## WHAT IS BEING ASKED
Please transcribe the data below exactly. Leave the pictures out.
☆ ☆ ☆ ☆
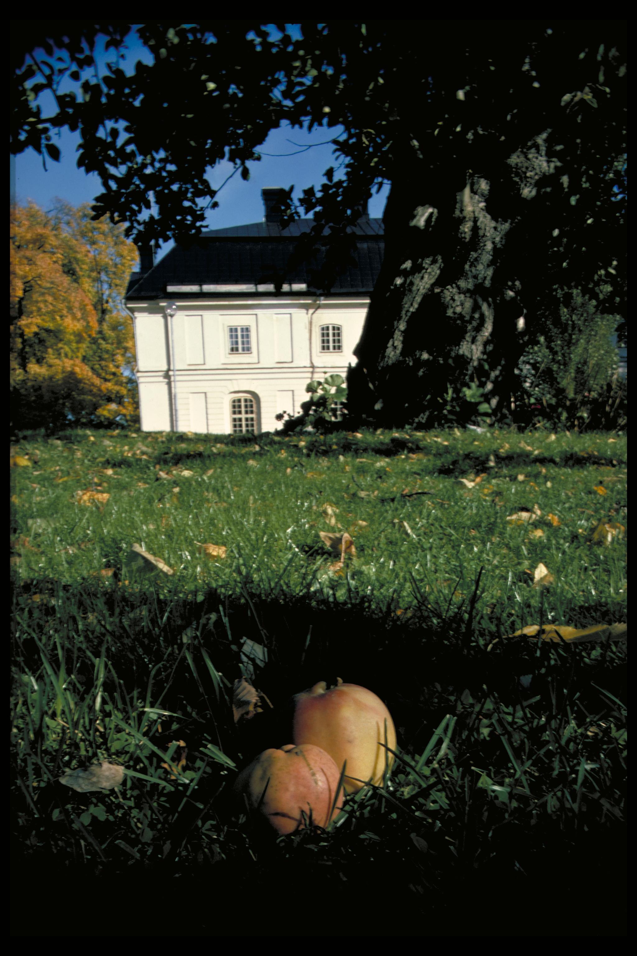 Moderträdet till Åkerö äpplet i förgrunden. Bilden troligen från slutet av 1970-talet.
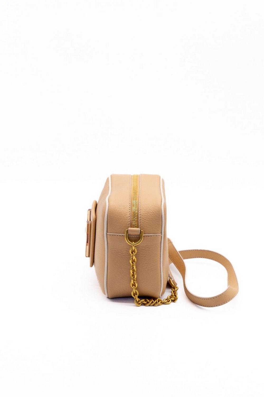 Mini camera bag, in pelle martellata color sabbia con profili panna. Logo monogram in plexiglass semitrasparente, applicato frontalmente. Chiusura superiore con zip dorata. Tracolla in pelle e catena. Una tasca interna applicata.
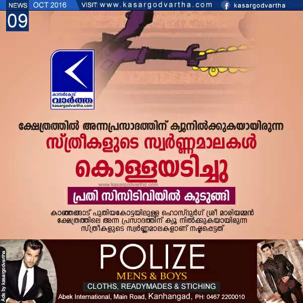 കാഞ്ഞങ്ങാട്: (www.kasargodvartha.com 09/10/2016) കാഞ്ഞങ്ങാട് പുതിയകോട്ടയിലുള്ള ഹൊസ്ദുര്‍ഗ് ശ്രീ മാരിയമ്മന്‍ ക്ഷേത്രത്തിലെ അന്ന പ്രസാദത്തിന് ക്യൂ നില്‍ക്കുകയായിരുന്ന സ്ത്രീകള്‍ക്കിടയില്‍ മോഷ്ടാവായ സ്ത്രീ നുഴഞ്ഞുകയറി സ്വര്‍ണമാലകള്‍ കവര്‍ന്നു. ശനിയാഴ്ച വൈകിട്ടാണ് സംഭവം. രണ്ടുസ്ത്രീകളുടെ സ്വര്‍ണ്ണമാലകളാണ് കൊള്ളയടിക്കപ്പെട്ടത്.
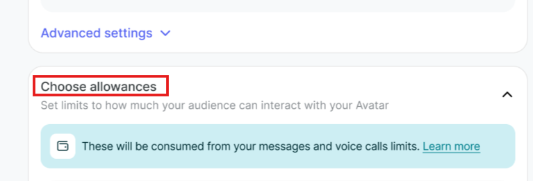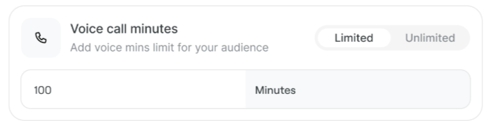 Under the heading, you will see a note: "These will be consumed from your messages and voice call limits." The allowances you set here define the maximum amount of interaction your audience gets, which is then deducted from your overall usage limits.
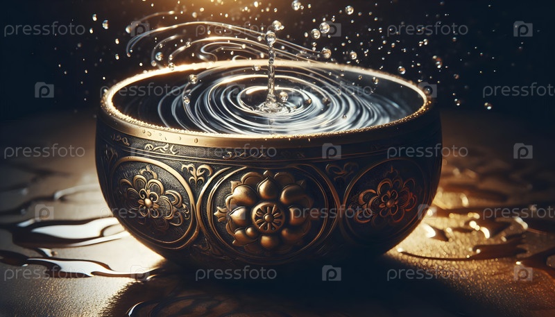 Тибетская певческая чаша, вибрирующая капельками воды, Ai created image
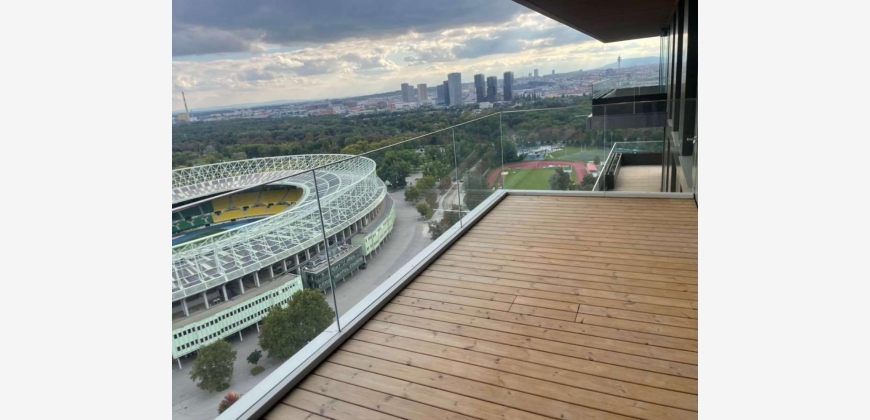 Helle 3-Zimmer-Wohnung mit offener Küche, Bad, separatem WC und Loggia im modernen Wohnhochhaus Grünblick. Rooftop-Pool, Sauna, Fitness, Urban Gardening und Concierge-Service inklusive. Top Lage direkt beim Wiener Prater mit perfekter Anbindung an U2 und Innenstadt.
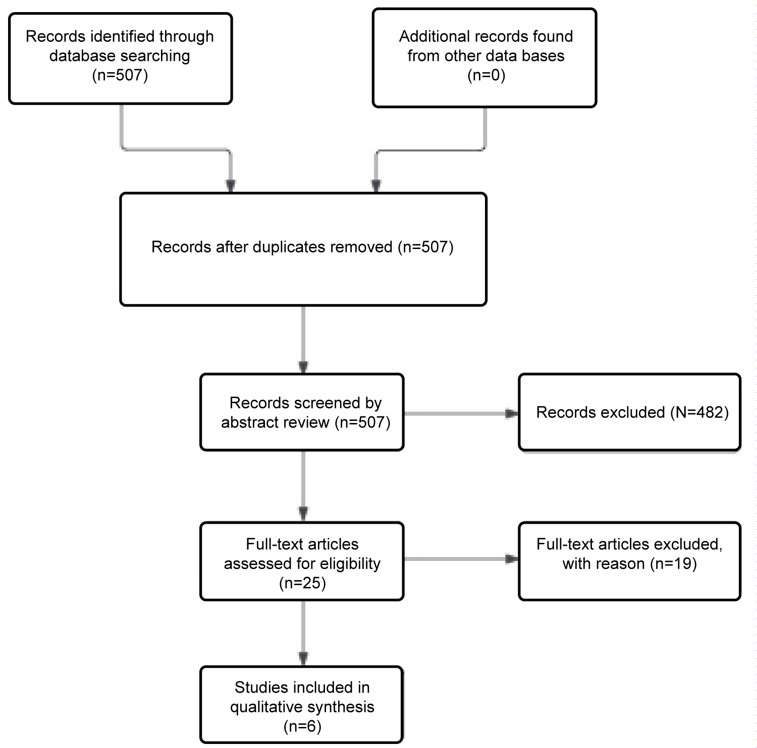 A total of 508 articles were identified in the initial search. Each article was reviewed by 1 of 5 junior authors. If there was a question as to whether a particular article met the inclusion criteria, a second opinion was provided by the senior author (RM). After a thorough review of the pooled articles, 7 studies met the inclusion criteria. Data regarding functional outcomes as well as complications following LCL with PTWs were compiled by 5 researchers and accuracy was confirmed by the lead author (Figure 1).
☆ ☆ ☆ ☆
## FINISHED TASK
 Moderträdet till Åkerö äpplet i förgrunden. Bilden troligen från slutet av 1970-talet.
 Mini camera bag, in pelle martellata color sabbia con profili panna. Logo monogram in plexiglass semitrasparente, applicato frontalmente. Chiusura superiore con zip dorata. Tracolla in pelle e catena. Una tasca interna applicata.
 കാഞ്ഞങ്ങാട്: (www.kasargodvartha.com 09/10/2016) കാഞ്ഞങ്ങാട് പുതിയകോട്ടയിലുള്ള ഹൊസ്ദുര്‍ഗ് ശ്രീ മാരിയമ്മന്‍ ക്ഷേത്രത്തിലെ അന്ന പ്രസാദത്തിന് ക്യൂ നില്‍ക്കുകയായിരുന്ന സ്ത്രീകള്‍ക്കിടയില്‍ മോഷ്ടാവായ സ്ത്രീ നുഴഞ്ഞുകയറി സ്വര്‍ണമാലകള്‍ കവര്‍ന്നു. ശനിയാഴ്ച വൈകിട്ടാണ് സംഭവം. രണ്ടുസ്ത്രീകളുടെ സ്വര്‍ണ്ണമാലകളാണ് കൊള്ളയടിക്കപ്പെട്ടത്.
 Under the heading, you will see a note: "These will be consumed from your messages and voice call limits." The allowances you set here define the maximum amount of interaction your audience gets, which is then deducted from your overall usage limits.
 Тибетская певческая чаша, вибрирующая капельками воды, Ai created image
 Helle 3-Zimmer-Wohnung mit offener Küche, Bad, separatem WC und Loggia im modernen Wohnhochhaus Grünblick. Rooftop-Pool, Sauna, Fitness, Urban Gardening und Concierge-Service inklusive. Top Lage direkt beim Wiener Prater mit perfekter Anbindung an U2 und Innenstadt.
 A total of 508 articles were identified in the initial search. Each article was reviewed by 1 of 5 junior authors. If there was a question as to whether a particular article met the inclusion criteria, a second opinion was provided by the senior author (RM). After a thorough review of the pooled articles, 7 studies met the inclusion criteria. Data regarding functional outcomes as well as complications following LCL with PTWs were compiled by 5 researchers and accuracy was confirmed by the lead author (Figure 1).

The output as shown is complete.